Go 1.20 was a big release for cryptography, so there are a few items to follow-up on, to tie up loose ends while the iron is hot. (That is, while I still have any context paged into my brain.)

crypto/ecdh follow-ups

The new crypto/ecdh package made its debut in Go 1.20.

This means that we can deprecate almost all of crypto/elliptic in Go 1.21.¹ We leave undeprecated only the Curve singletons returned by [P256()][] and the like, needed to use the crypto/ecdsa APIs. crypto/ecdsa doesn’t actually use crypto/elliptic code besides switching on these values, so crypto/elliptic is now a glorified enum and a legacy compatibility layer. As always, deprecated doesn’t mean removed: per the Go 1 Compatibility Promise crypto/elliptic keeps working, but staticcheck will yell at you about using it.

There is one meaningful bit of functionality in crypto/elliptic that is not in crypto/ecdh yet: compressed point encodings for NIST curves. I explored the topic and proposed an API in the original discussion but then decided to wait to add those APIs. “No is temporary, yes is forever.” If anyone uses compressed point encodings, now would be the time to reach out!

Oh, also P-224, but that’s on purpose and I think we got away with it.

Finally, we can now rewrite golang.org/x/crypto/curve25519 as a crypto/ecdh.X25519 wrapper, hopefully bringing down the number of -25519 implementations in the Go project to one: crypto/internal/edwards25519 (available externally as filippo.io/edwards25519), used by crypto/ecdh and crypto/ed25519, and transitively by the x/crypto/ed25519 and x/crypto/curve25519 wrappers. We’ll wait a few releases before dropping the pre-Go 1.20 compatibility layer from x/crypto.

crypto/rsa follow-ups

The other big change of Go 1.20 has been migrating crypto/rsa away from math/big to crypto/internal/bigmod (available externally as filippo.io/bigmod). Dear reader, I’ll be honest, I did not expect this to land, but it did!

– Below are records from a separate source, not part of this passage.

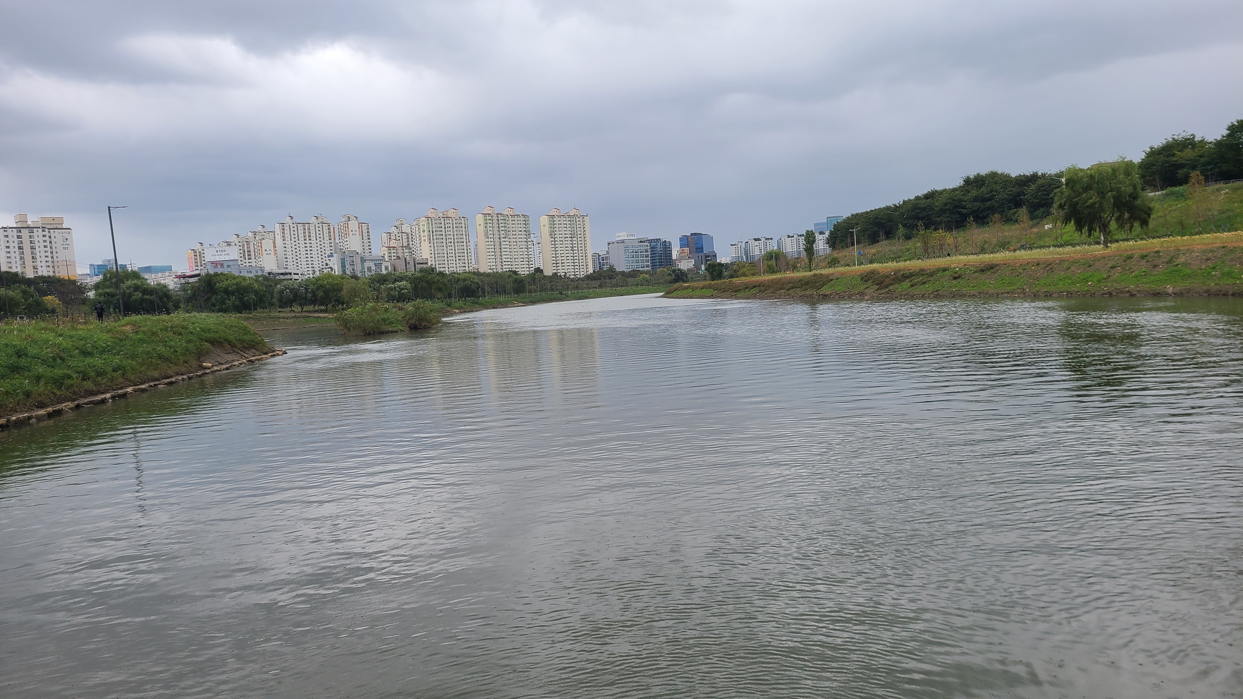 신정교를 올라서서는 한강방향으로 달리는데 흐리고 비가오기 시작하는데 가랑비 수준이다.
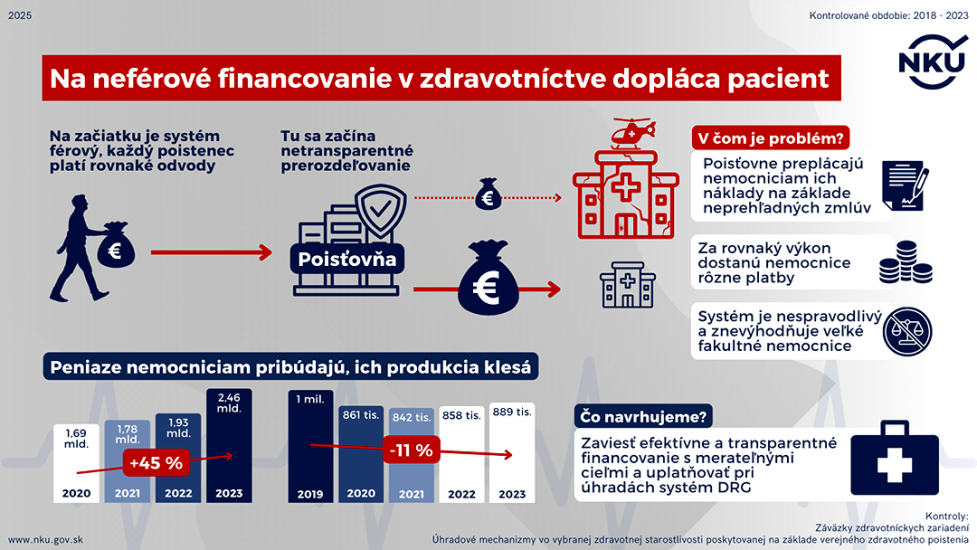 Národná autorita pre oblasť externej kontroly sa problematike zdravotníctva venuje dlhodobo. Po sociálnej oblasti ide na túto verejnú politiku druhý najväčší objem verejných zdrojov. Od roku 2018, keď sa zdravotníctvo stalo prioritou kontrol, uskutočnil úrad 17 kontrolných akcií a ďalšie sú naplánované. Zistenia kontrolórov poukazujú na zásadné problémy v tom, ako sa verejné prostriedky na zdravotníctvo rozdeľujú a využívajú. Kontrola úhradových mechanizmov ukázala, že DRG systém (systém úhrad podľa diagnóz) používame iba čiastočne a jeho reálne zavedenie bez reálnych argumentov dlhodobo odkladáme. Kontrolované nemocnice síce hospitalizačné prípady poisťovniam vykazujú a fakturujú na princípe DRG, ale pri úhradách už poisťovne tento princíp nevyužívajú a postupujú na základe nečitateľných mesačných limitov dohodnutých v individuálnych zmluvách.
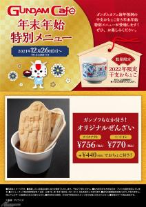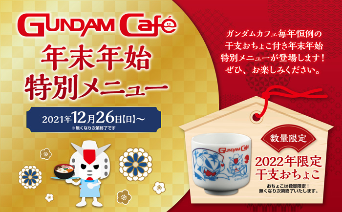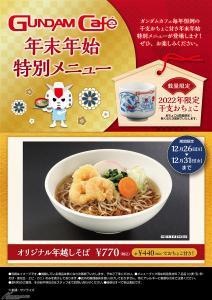 Il menu includerà originale zenzai (con un GUNPLA Monaka).Il GUNDAM Café TOKYO avrà anche un originale Toshikoshi soba e un originale ozoni.
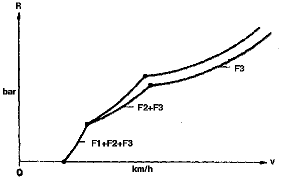 The pressure rise takes place in 3 stages, see diagram. The flyweights F1 and F2 are supported on the governor housing as a function of vehicle speed and thus have no effect on the further rise in pressure.
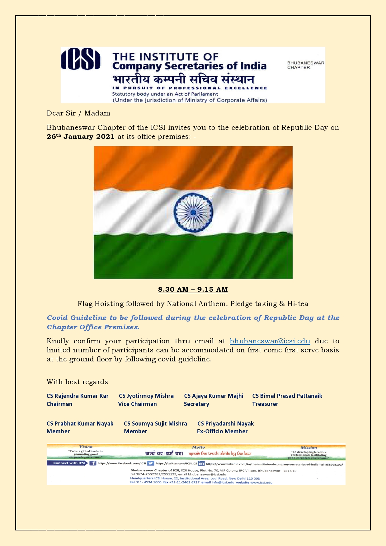 - Bhubaneswar Chapter of the ICSI invites you to the celebration of Republic Day on 26th January 2021 at its office premises: -

The switch came with a significant performance degradation: between approximately 15% (RSA-2048 on amd64) and 45% (RSA-4096 on arm64), despite dropping in some dedicated amd64 Avo-generated assembly. That’s counter-intuitive: I expected the more-specific crypto/internal/bigmod to be faster than math/big, despite having to waste some cycles on keeping computations constant-time. Turns out that an implementation technique used in crypto/internal/bigmod since its initial submission might be based on outdated wisdom that I also assumed was still true. The idea was that splitting numbers into 63-bit “unsaturated limbs” allows for faster Montgomery multiplication, because it allows a result in the hot loop to fit in 128 bits, so two registers. Well, turns out that might be true in portable C, but if you have access to the add-with-carry instructions of most modern processors, using saturated 64-bit limbs and keeping the carries in flags across loop iterations is faster. That’s what the math/big assembly does.

The good news is that we have pure-Go access to these “addition chains” thanks to math/bits.Add. The bad news is that Montgomery multiplication needs to keep track of two carry bits across loop iterations, and while possible (that’s what ADX is for, it’s just ADC that uses a different flag) it’s too much for the compiler to figure out², so we’re stuck with assembly. I have a CL that switches bigmod to using math/big’s assembly core and it brings crypto/rsa within 5% of its Go 1.19 performance without even using all the assembly. It needs cleaning up, but I expect RSA on Go 1.21 to be at least as fast as on Go 1.19, maybe faster.³

Aside from clawing back performance, there’s a laundry list of follow-ups.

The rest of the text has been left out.